Thursday, May 28, 2009

Fuck, Chuck, or Toe Suck



Bryan Adams: 0
Hot N' Cold: 1
Clarissa Coffee count: 4

Creative Curse Word of the Day: Snot Sniffer Pronunciation: sn-aahhh-t sn-ih-ff-rrrr Definition: When you try to snot rocket but it doesn't work so you have to sniff it back up. Like on cross-country. [Clarissa] [Apparently this happens a lot] Use: Clarissa while running cross country. REAL gross.

Today we drove from Chicago to Sioux Falls, South Dakota. Route 90 West has become our best friend. We stopped in Madison, Wisconsin and drove to the campus of U. Wisc. aka Home of Dreads' and her flick huck. Also home of Midget girl and her low backhand. [Dear Peggy's Sister Erin, go to Wisconsin and get ON THAT TEAM.] There we got Clarclar coffee (obvi) and all of us CHEESE CURDS. They were most delicious and also the most digestively lasting bit of our trip so far. There are five more on the floor right now...If we mail them to you they will probably be fine. Let us know.

We then moved on from the land of Cheese and drove over the Mississippi River into Minnesota, former home of Dr Jill and her 238376599 frisbee boyfriends [some still current???] We decided to stop last minute to get Dairy Queen (big surprise) at Blue Earth, Minnesota, and stumbled across a 50ft high statue of the Big Green Giant (aka the green dude on your frozen vegetables) directly behind the dairy queen. We took some pictures and thought nothing of it until Mamma Balls informed us later that A) It marks the direct middle of route 90 (Boston to Seattle) B) the Blue Earth is the HOME of the ice cream sandwich and C) that this huge thing was in fact 50ft high....haha. Oopsies we found a cool thing by accident. Good thing we are fatties who like dairy queen.

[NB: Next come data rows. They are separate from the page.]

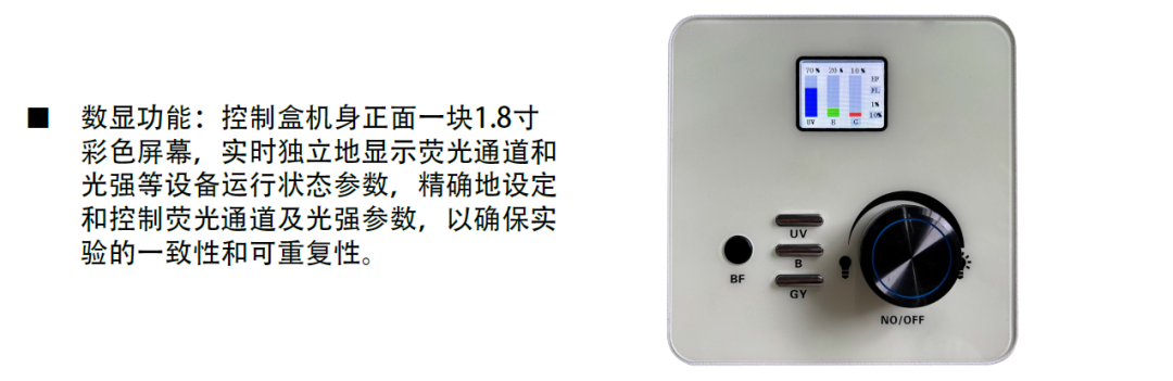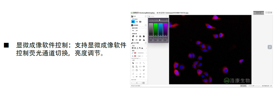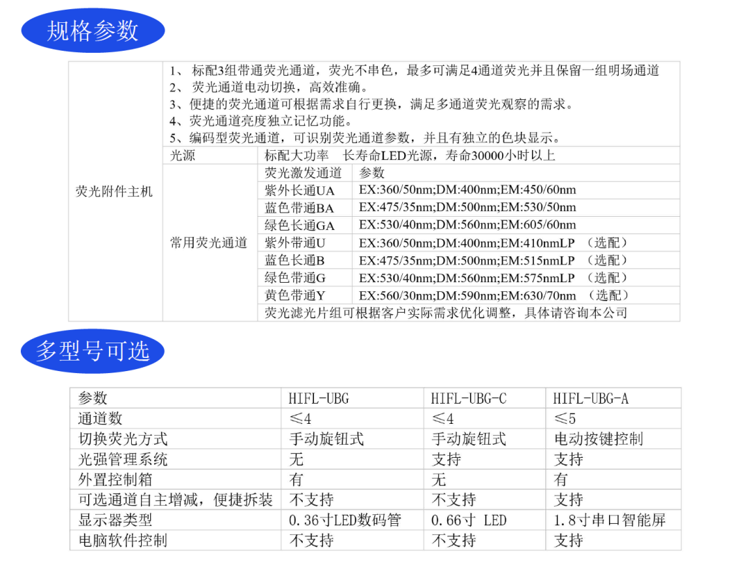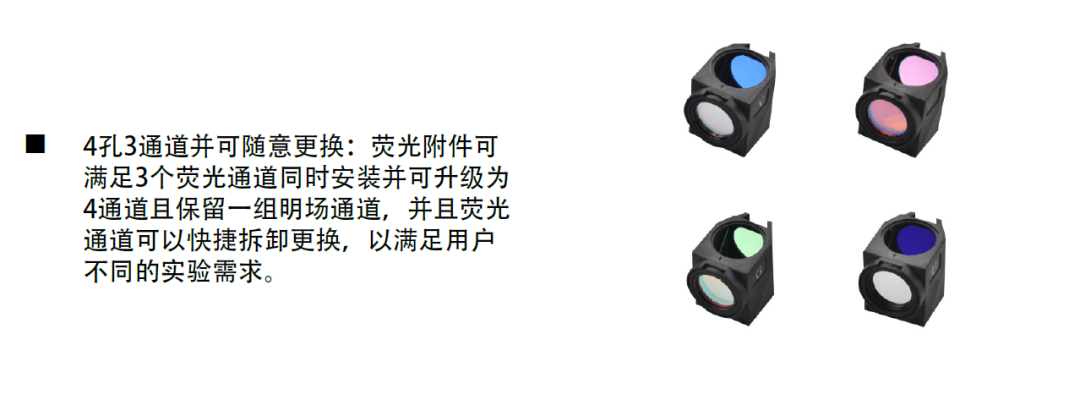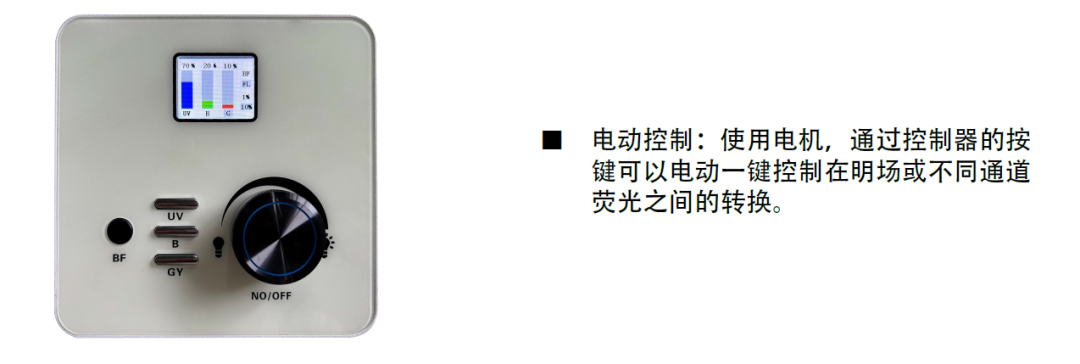浩康生物電動(dòng)倒置熒光附件HIFL-UBG,4孔3通道,可升級(jí)為5孔4通道,標(biāo)配紫外、藍(lán)色、綠色激發(fā)光組,廣泛應(yīng)用于細(xì)胞等的熒光觀察。通過控制器的按鍵可以電動(dòng)控制在明場(chǎng)或不同通道熒光之間的切換。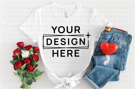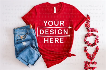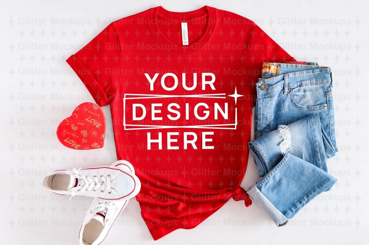 Valentine's Day Red Bella Canvas 3001 Mockup, Unisex Tee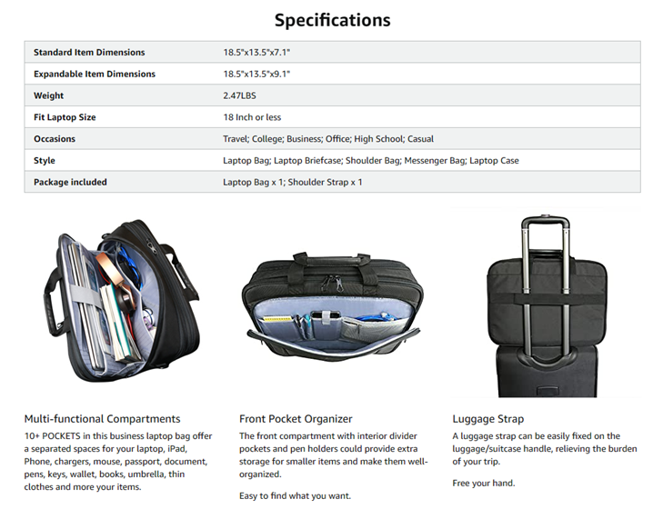 - Material: High quality Water-repellent 1680D ballistic fabric, which is durable, classic and eco-friendly. Dimensions: 18.5"x13.5"x7.1". Weight: 2.47LBS.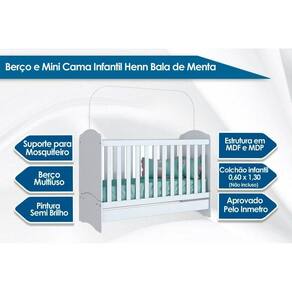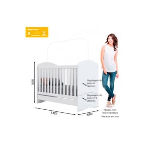 Dimensões(Cm): Comprimento(Profundidade): 133cm x Largura: 68cm x Altura: 102cm Peso Máximo Suportado - 70 kg Tipo de Estrutura do Móvel - MDF/MDP Tipo de Pintura - UV Tipo de Acabamento da Pintura - Semi Brilho - Atóxica Tamanho de colchão para usar no berço - 60x130 Garantia - 3 meses Certificação de Qualidade de Móveis - INMETRO - ABNT NBR 15860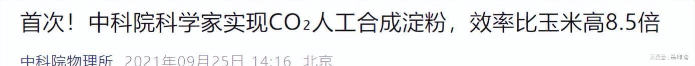2021年9月,中国科学院天津工业生物技术研究所宣布重大突破:首次实现从二氧化碳到淀粉的全人工合成。这项技术无需耕地、无需种植,通过化学与生物催化组合,在实验室中即可完成淀粉生产,未来将实现规模化量产。

Fatter and happier we continued to drive into South Dakota and stopped at our planned destination, Sioux Falls, South Dakota. We were going to camp but due to laziness and retardedness and simple lack of spine we settled for the Motel 6 on the side of the highway for less than $50 a night. Don't worry, we have locked the door multiple times, although we are pretty sure this is where every horror movie has been filmed ever. We are currently suspicious of the fat man sitting in the parking lot with a leashed wiener dog. Where do they house him at night? There is no zoo........Good thing the wiener dog.....yeah.....there is nothing good about a wiener dog. [Minus Austin's dog]

Quotes of the day:
"I'm peddling with my toe right now." - Jess....apparently able to peddle a car forward using her toe.

Okay not a quote...but....Clarissa called Harry Potter a MAGICIAN to which Balls and Jess got extremely offended and corrected her. Harry Potter is a WIZARD. Magicians are muggles...wizard wannabes. [Clarissa still does not care.]

"Humans have two needs: Sex and Drunk."

"ooohhh ewww. Jess was that you?? Or the street cruncher??" ~ Clarissa [this was after Jess burped. What a street cruncher is exactly is yet to be determined.]

"WHAT THE FUCK!!! FUUUUUUUUUUUCCCCKKKKKKK. HOLY FUCK. HOLY CUNT. FUCK. FUCKIN FUCK." ~ Balls after a bird FLEW INTO OUR FUCKING WINDSHIELD.

No, seriously. A dumbass bird in Minnesota does not know how to fly right and is retarded and kamakazi-ed our windshield. dumbass.

Tomorrow we go to the Badlands, SD, then we go to Mt. Rushmore and Wyoming and Southern Montana. Hopefully we can update again sometime soon! If you do not hear from us for the next month then maybe call the authorities. Kthanks.



"CHARLEY HUMP!!!!!!!!!!",
Yakko (Balls), Wakko (Clarissa), and Dot (Jessay)

2 comments:

  1. I want a cheese curd! I can be reached at the following address:

    Humps
    c/o Spain

    ReplyDelete
  2. very funny, a bird flew into your windsheild. i appreciate that heartily.